Hand embroidery is to machine embroidery what home cooked food is to microwave meals.
Threading up a machine, choosing a design from a disc and letting the machine get on with it cannot possibly compare with the rich textures, the variety of threads, the vast body of techniques that have built up over the centuries and the sheer pleasure of hand stitching to the exclusion of everything else that is going on around you. Machine embroidery does, however, have one advantage. It has not been around for long enough to have built up a book of rules.
I went to the launch of a book late last year. This beautiful book was filled with the most exquisite photographs of African wildlife and the launch was attended, by and large, by members of our local camera club.

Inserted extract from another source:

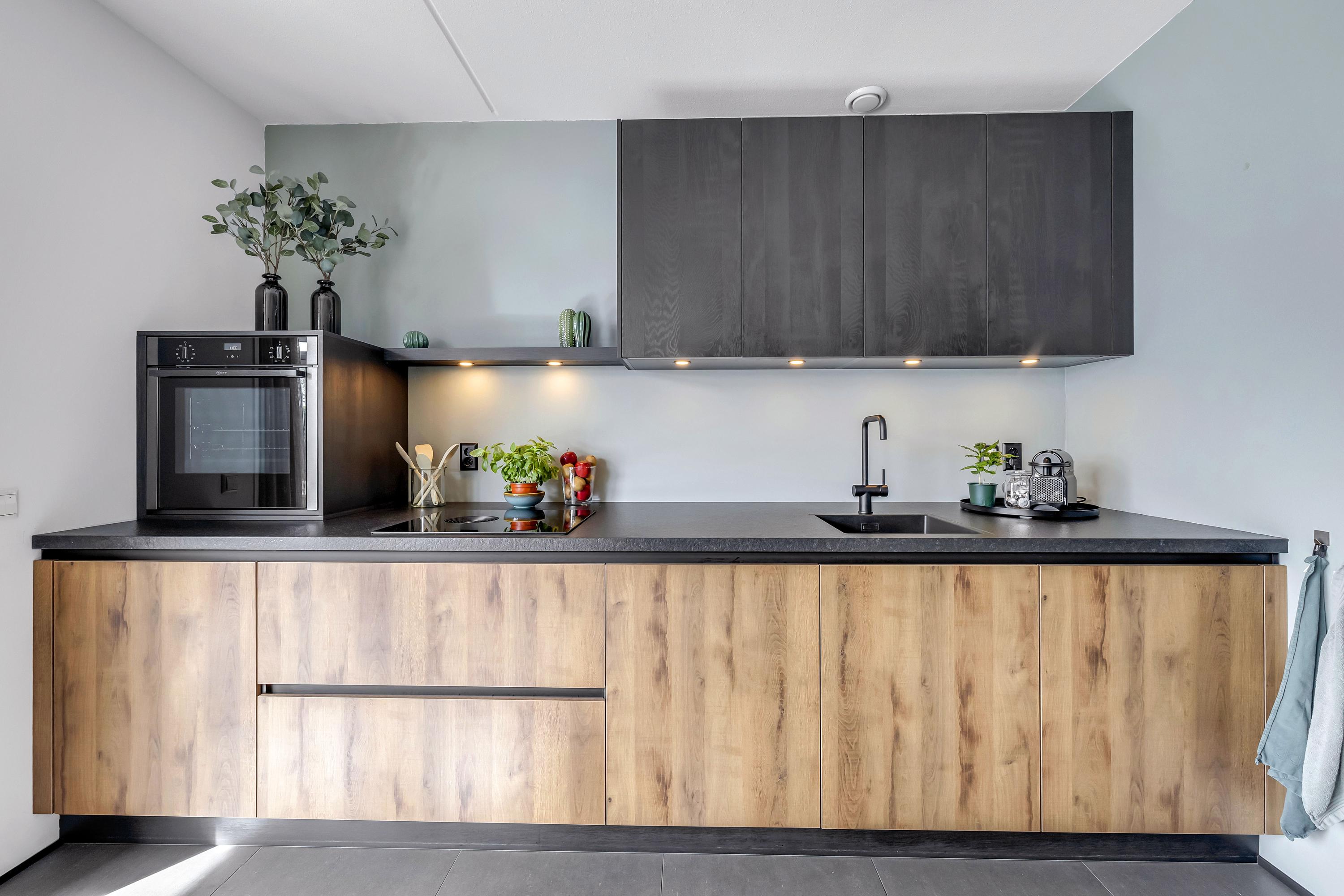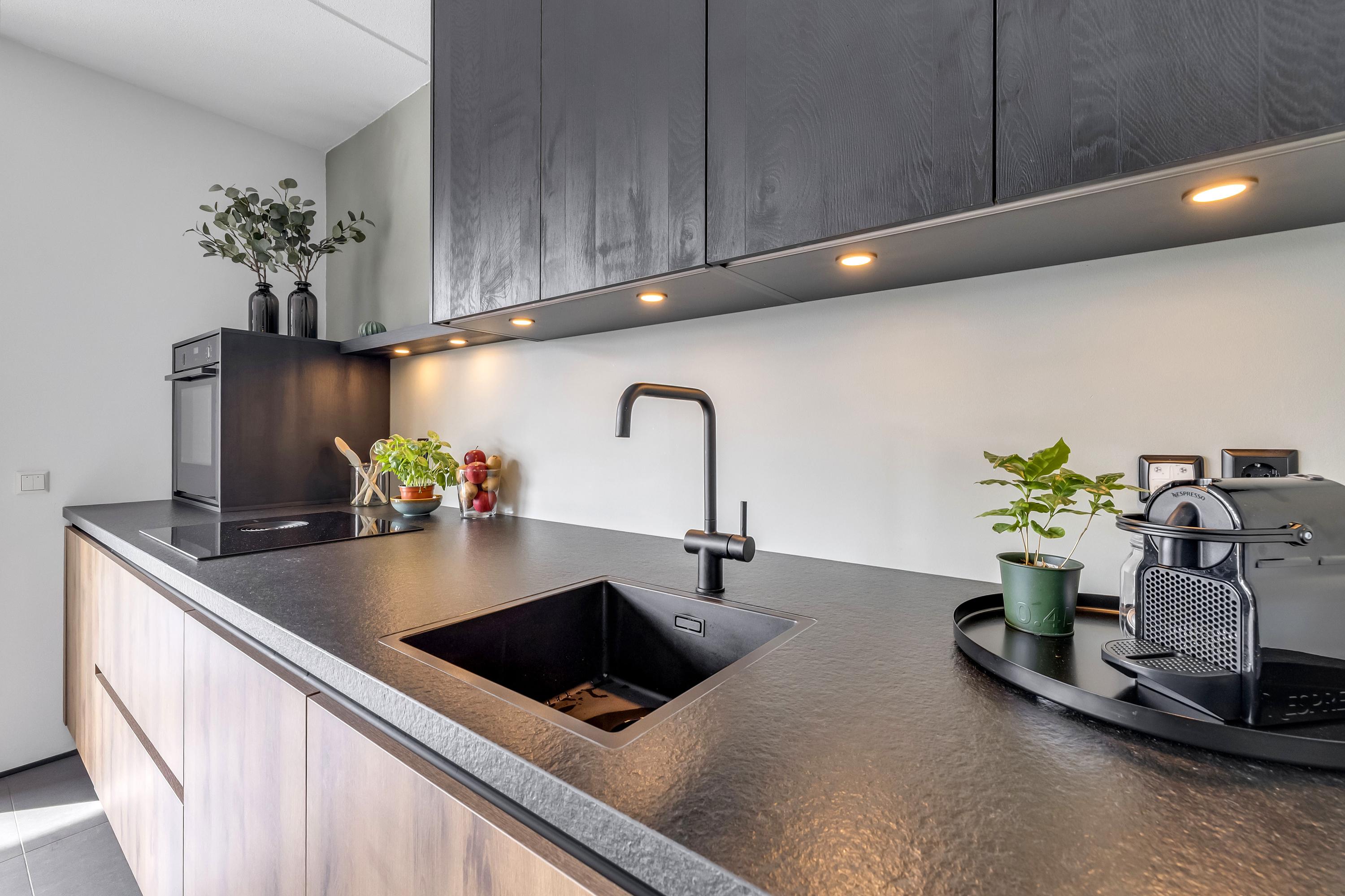 De moderne keuken, vernieuwd in 2024 en uitgevoerd in een strakke wandopstelling, is voorzien van een koelkast, oven, vaatwasser en een Bora inductiekookplaat met geïntegreerde afzuiging. De gehele begane grond is afgewerkt met een plavuizenvloer. Vanuit de hal bereik je tevens de berging/bijkeuken met vaste kastenwand, de opstelling van de cv-combiketel (Intergas, 2011), mechinische-ventilatieunit (2022), waterontharder en de aansluitingen voor de wasmachine en droger. Vanuit deze ruimte is er ook een deur naar buitne die uitkomt aan de voorzijde van de woning.

The venue was set up with numerous large HD television screens and in between the wine and snacks the author gave us a Power Point presentation of the photographs in his book. The images he had chosen – and there were many of them – were, without exception, pictures that “broke the rules”. As each slide came up the audience would gasp at its beauty, and he would go on to explain what the “rules” dictated and how, by doing the exact opposite, he had created what was up on the screen, the photograph that took their collective breath away.
He touched on everything from picture composition to focus, from balance to lighting, from exposure to colour. I stood there, quaffing red wine, thinking oh boy, here is someone who is truly creative and has not allowed himself to be boxed in by the photography police. A person after my own heart.
What is it about the human race that causes people to want to prescribe to creativity? Why is it that for centuries the moment someone does something creative there is a whole team out there wanting to create margins and parameters? Make rules? Stifle creativity? There is hardly an art or a craft that has not been subjected to rule making and sadly, hand embroidery might be one of its biggest victims.
A rebel at heart, I am often told that to break the rules you do at least have to know what they are. Um, no. I don’t agree. All you need to know are the techniques. So called rules only box you in and stop you from exploring your creativity. That is not to say that you should allow yourself to produce shoddy work. You should aim for perfection realising, at the same time, that what you are doing is handmade. That you are human, not a machine. You do need to take pride in your work and produce the best result that you can.
Take a walk through any shopping mall and go into the clothing and decor shops. Look at the design on embroidered clothes, accessories, fabrics and soft furnishings. It is youthful, colourful, fresh and exciting. We need to be inspired by that. We need to mix our styles, try out modern fabrics, modern threads, beads, sequins and whatever else we can find. We need to invent our own techniques and styles without embarrassment, without feeling the need to satisfy the Mother Grundies who disapprove of anything that is not historically correct.
The human population moves forward all the time and if we want to keep embroidery alive, to make it attractive to the next generation, we need to move forward too. We must not ignore the vast heritage of embroidery, but we must stop looking back and reproducing what has been done in centuries long gone.
I’m a busy embroiderer, designer, author, teacher, columnist, housewife, mother, dog lover………….and so on. I can’t promise to post every day or even every week. I am going to post every time I have something to say. I intend to be rebellious, informative and inspiring. I hope that you will join me on this journey.